The over-riding policy message is to empower those who directly manage the land and soil to enable and encourage them in sustainable soil management techniques. The scientific answers are available, it is making sure that farmers, growers and foresters know about them, then feel able to act on that knowledge. This effort requires some changes to policy but also an investment in training and knowledge to help people achieve sustainable land practices.

The RECARE project scientific co-ordinator Dr Rudi Hessel, from Wageningen Environmental Research, said:

“The starting point is to take farmers and land managers seriously, that researchers are willing to listen and learn from them to make sure that we are addressing their priorities and not as our researchers. To do that we need to build relationships of trust.”

Dr Ana Frelih Larsen, from the Ecologic Institute, and working on policies in RECARE, said about the practical changes that are needed:

“The Common Agricultural Policy, as the most critical policy instrument for improving soil management on agricultural and forest land, has significant potential to enhance its contribution to soil management objectives. In general, the CAP post-2020 needs to earmark sufficient support and set out ambitious requirements for sustainable soil management. The strategic planning at Member State levels needs to identify and address soil management needs and objectives and put in place monitoring to measure the policy impacts.”

Dr Per Schjønning, Aarhus University, addressed some of the changes to regulation to tackle subsoil compaction and erosion threats:

“Individual policy mechanisms need to be well defined to ensure their effectiveness. For example, the GAEC 6 standard would increase its effectiveness by being rephrased from ‘Minimum land management under tillage to reduce the risk of soil degradation including on slopes’ to ‘Sustainable land management to reduce the risk of soil degradation including on slopes’. This re-wording, while it might seem minor, introduces the notion that it is better to avoid damage rather than to remedy it later.”

Jane Mills, from the CCRI, working on dissemination in RECARE, said that empowerment needs to take many forms:

“Farmers, growers and foresters learn most by learning with their friends and peers; the RECARE project has identified how important it is to foster group activities that encourage peer to peer learning. To encourage farmers and other land managers to take part in such training activities it could be part of the conditions linked to farm payments”.

Through a policy conference in September, and briefings to key decision makers across Europe and fostering debate about the future of the soil, the RECARE project has developed a hopeful suite of actions to this globally pressing problem that affects everybody.
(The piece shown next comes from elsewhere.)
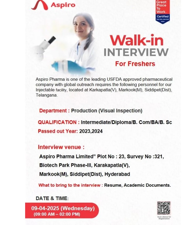 Aspiro-Walk-in Interview For Freshers on 09-04-2025 Aspiro-Walk-in Interview For Freshers on 09-04-2025 Post Views: 689 Job Category: Pharma Job Type: Full Time Job Location: Hyderabad Apply for this position Full Name *Email *Phone *Cover Letter *Upload CV/Resume *Allowed Type(s): .pdf, .doc, .docxBy using this form you agree with the storage and handling of your data by this website. *

The RECARE Final Conference – Practical Solutions for Preserving Europe’s Soils (05.10.2018)

On the 27th of September in Brussels, the RECARE project presented its policy findings and asked people attending the event to take part in a lively and informative discussion about the future of the soil. The main results of the RECARE project were that through participation with stakeholders it is possible to implement practical solutions to many of the problems that are degrading and damaging the soil, with often severe consequences for people.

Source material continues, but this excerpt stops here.